Want a quick and easy way to play around with deep learning libraries? Puny GPU got you down? Thanks to Amazon Web Services (AWS) — specifically, AWS Elastic Compute Cloud (EC2) — no data scientist need be left behind.
Jupyter/IPython notebooks are indispensable tools for learning and tinkering. This post shows how to set up a public Jupyter notebook server in EC2 and then access it remotely through your web browser, just as you would if you were using a notebook launched from your own laptop.
For a beginner, having to both set up deep learning libraries and navigate the AWS menagerie feels like getting thrown into the deep end when you just want to stick a toe in.

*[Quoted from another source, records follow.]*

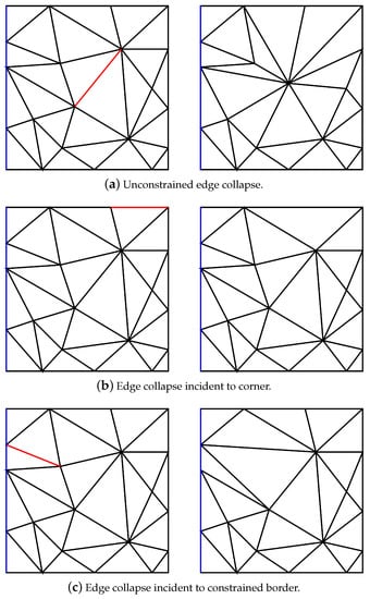While some constraints are used in the original methods to maintain the shape of the borders of a mesh [14], directly applying edge collapse to is likely to remove its corner vertices (and the shape of the borders afterwards).
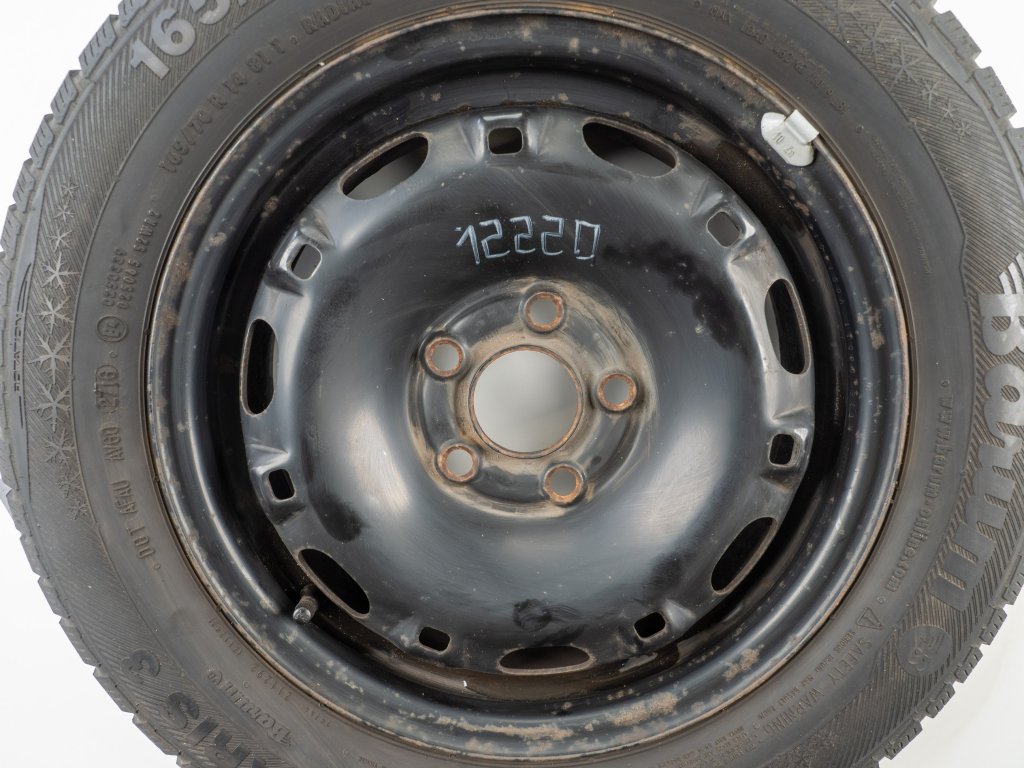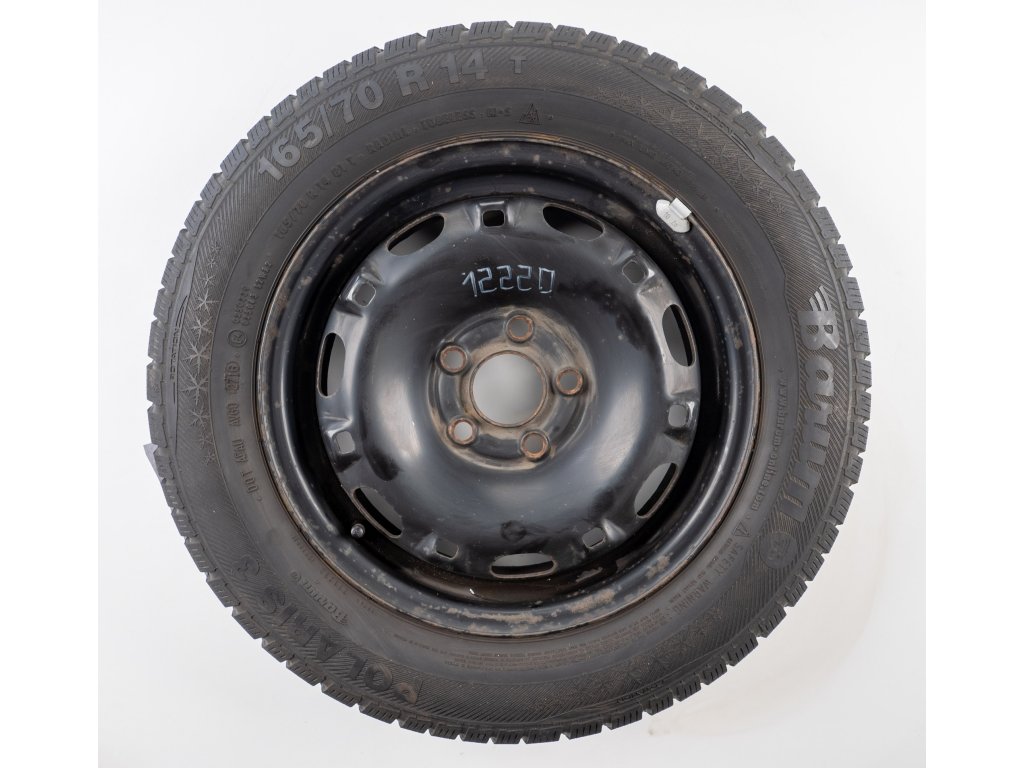 Použitá plechová sada kol 14" - Zimní pneu 165/70R14 značky Barum a vzorkem cca 6,6 mm
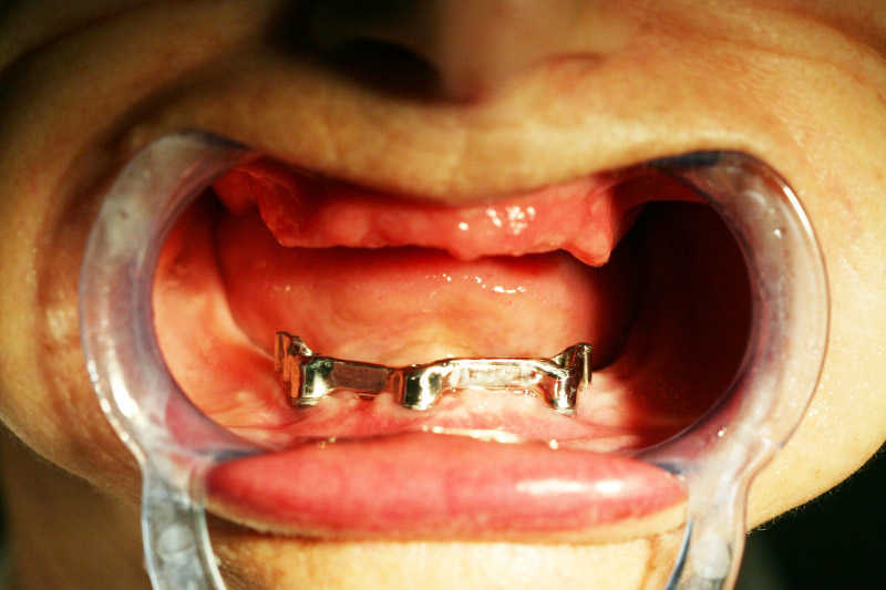 3 db NobelBiocare implantátumot ültettünk be az alsó fronttájékra. 3 hónap csontosodást követően egy csavarokkal elhorgonyzott, aranyötvözetből elkészített stéget és rajta rejtett finommechanikai rögzítőelemekkel („rejtett patentokkal”) kapaszkodó fémlemezes kivehető pótlást készítettünk.
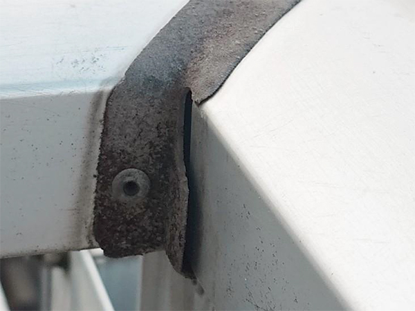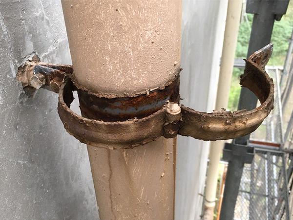手摺のビスの緩みによるぐらつきは、安全に直結する重要な問題です。接合部材の破損や劣化が見られる場合は特に危険で、放置すると手摺が外れ、転倒や落下事故につながる恐れがあります。さらに、手摺内部に浸水すると、本来排水を想定していない内部に水がたまり、部材の劣化や腐食だけでなく、土台となるコンクリートの劣化を招く原因にもなります。
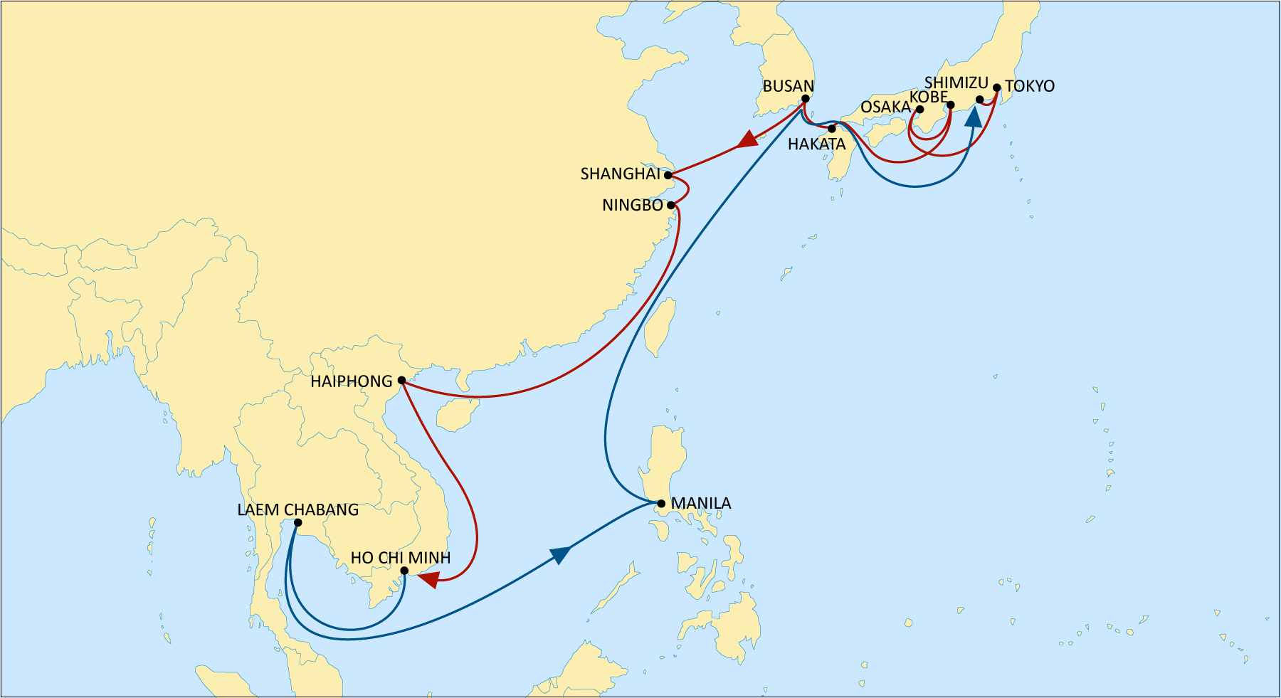 Shimizu – Tokyo – Osaka – Kobe – Hakata – Busan – Shanghai – Ningbo – Haiphong – Ho Chi Minh – Laem Chabang – Manila – Busan – Shimizu

You can skip the hassle of setting up deep learning frameworks from scratch by choosing an Amazon Machine Image (AMI) that comes pre-installed with the libraries and their dependencies. (Concerned about costs? — see the note* at the bottom of this post.)
For example, the Stanford class, CS231n: Convolutional Neural Networksfor Visual Recognition, has provided a public AMI with these specs:
- cs231n_caffe_torch7_keras_lasagne_v2
- AMI ID: ami-125b2c72 in the us-west-1 region
- Use a g2.2xlarge instance.
- Caffe, Torch7, Theano, Keras and Lasagne are pre-installed. Python bindings of caffe are available. It has CUDA 7.5 and CuDNN v3.
If you’re new to AWS, CS231n provides a nice step-by-step AWS tutorial with lots of screenshots. We’re just going to tweak their procedure to enable access to Jupyter/IPython notebooks.
After you’re done, you’ll be able to work through tutorials in notebook format like those provided by caffe in their examples folder, e.g. 00-classification.ipynb.
We’ve written a little bash script jupyter_userdata.sh
to execute Jupyter’s instructions for setting up a public notebook server, so you don’t have to manually configure the notebook server every time you want to spin up a new AMI instance.
For the script to work, Jupyter itself should already be installed — which it is in the CS231n AMI.
You just have to edit the password in the script. To generate a hashed password, use IPython:
In [1]: from notebook.auth import passwd
In [2]: passwd()
Enter password:
Verify password:
Out[2]: 'sha1:bcd259ccf...<your hashed password here>'
Replace the right hand side of line 24 in the script with the hashed password you just generated.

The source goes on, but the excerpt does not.